I have a golf ballthat is hit for 0.20s at an angle to the horizontal and it hits the ground some distance away. Initial speed is 30m/s and angle of projection is 35. Calculate the time between when the ball was hit and when it first touched down.
I think it should be 30m/s cos 35/9.8.
If not correct please let me know what formula to use.
Can someone please just check this problem and let me know if its wrong and the correct formula
Thank you
Well, it is correct.
Your formula is incorrect. Dividing the horizontal velocity component by g does not get you the time of flight. Note that, with your formula, the time of flight would be zero if the ball were hit straight up.
The time of flight, T, is the time it takes the ball to go up and then come back down. Those two times are equal.
T = 2 V sin35/g
drwls is correct.
So I should say
2 times (20sin35)/9.8 = 2.34
I'm really confused because one said it's correct and you said what I did is wrong-Please help
reread.
The time of flight is 2*(30sin35)/9.8 = 3.51 seconds.
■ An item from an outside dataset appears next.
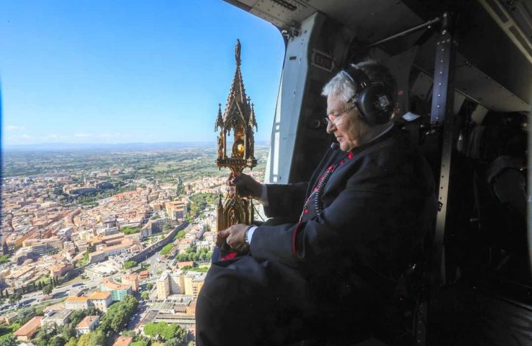 Questa mattina il cuore di santa Rosa ha spiccato il volo a bordo di un elicottero dell’Esercito per benedire dall’alto tutti i suoi fedeli. Il vescovo di Viterbo Orazio Francesco Piazza, con alcune delle principali autorità locali, si è recato presso l’eliporto Chelotti, dove l’elicottero NH-90, era pronto al decollo per compiere il sorvolo di Viterbo, Bagnaia, Grotte Santo Stefano, Soriano, San Martino al Cimino e Vitorchiano e i luoghi della fragilità, quali il Carcere, l’Ospedale Belcolle e le cliniche di malati e anziani.

I do not understand why the question began with a statement that the ball is hit for 0.2 s. You do not need that bit of information to answer the question about the time of flight. You could use it and the ball's momentum leaving the club face to calculate the average force of the club on the ball.
Thank you, I appreciate it-I understand it now
To calculate the time between when the golf ball was hit and when it first touches down, we can use the equations of projectile motion. We'll need to consider the horizontal and vertical components separately.
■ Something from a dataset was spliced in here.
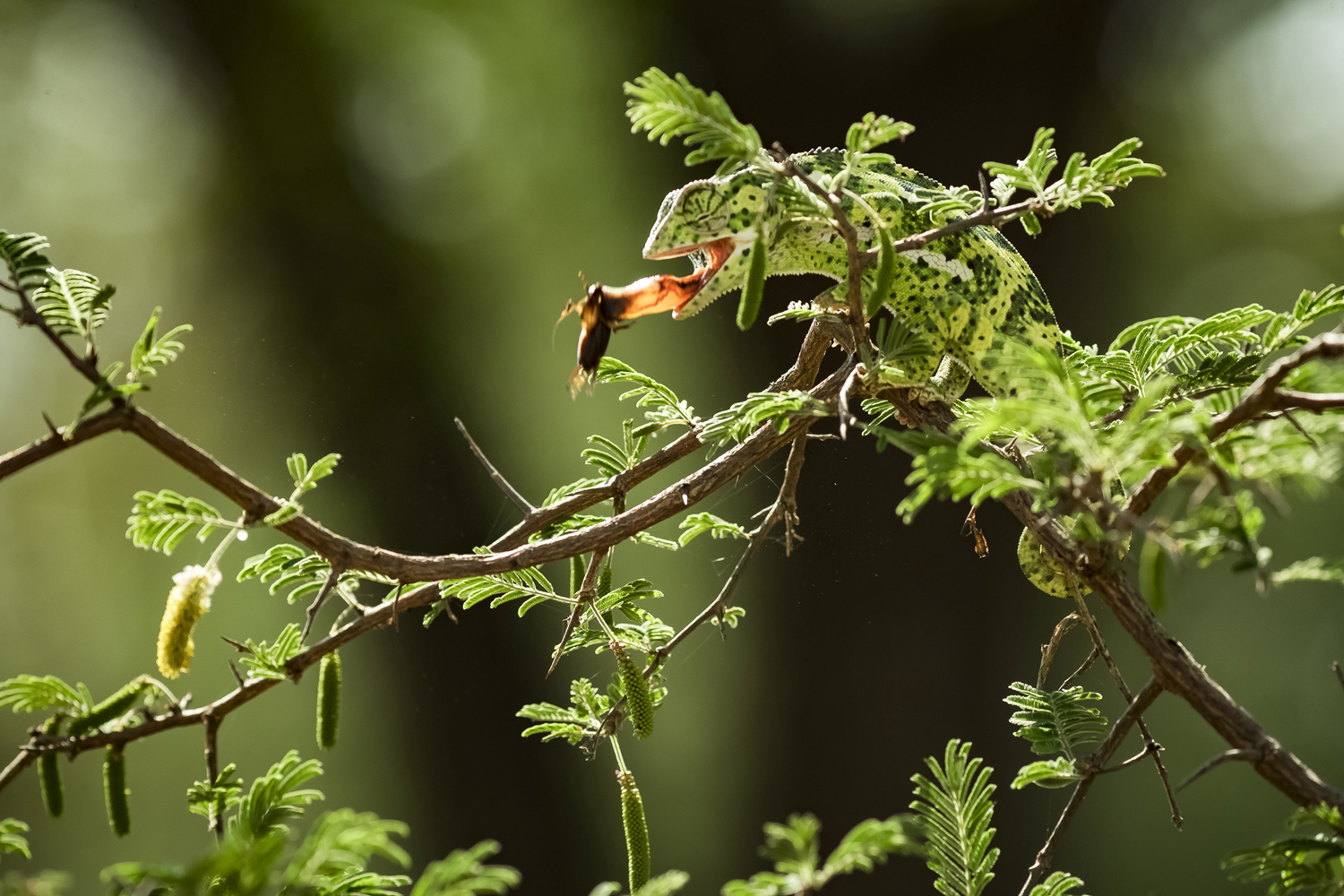 This flap-necked chameleon has just caught its prey. As soon as the chameleon has spotted its prey, it captures it with its long tongue. Its tongue, which can be propelled at a distance equal to its own length, is presented as a long tube terminated by a viscous bulb.

First, let's find the time of flight, which is the total time the ball is in the air. The horizontal component of the initial velocity remains constant throughout the motion. Therefore, we can find the time of flight using the horizontal distance traveled:
Horizontal distance = (initial horizontal velocity) * (time of flight)
The horizontal velocity can be found by multiplying the initial velocity (30 m/s) by the cosine of the angle of projection (35 degrees):
Horizontal velocity = (30 m/s) * cos(35 degrees)
Next, using the vertical motion equation:
Vertical distance = (initial vertical velocity) * (time) + (0.5) * (-9.8 m/s^2) * (time)^2
Since the ball touches the ground when it first hits the ground, the vertical distance at that time is 0. Therefore:
0 = (initial vertical velocity) * (time) + (0.5) * (-9.8 m/s^2) * (time)^2
We can rearrange this equation to solve for time.
Simplifying and substituting the initial vertical velocity:
0.5 * (-9.8 m/s^2) * (time)^2 + (30 m/s) * sin(35 degrees) * (time) = 0
Now we can solve this quadratic equation for time. In this case, we only need the positive root as negative time does not make physical sense in this problem.
Once we have the time of flight, we know that the time between when the ball was hit and when it first touches down is half of the time of flight since the ball reaches its peak height halfway through the flight.
So the formula to calculate the time between when the ball was hit and when it first touched down is:
Time between hit and touchdown = (Time of flight) / 2
Now you can plug in the values into the equations to get the numerical solution.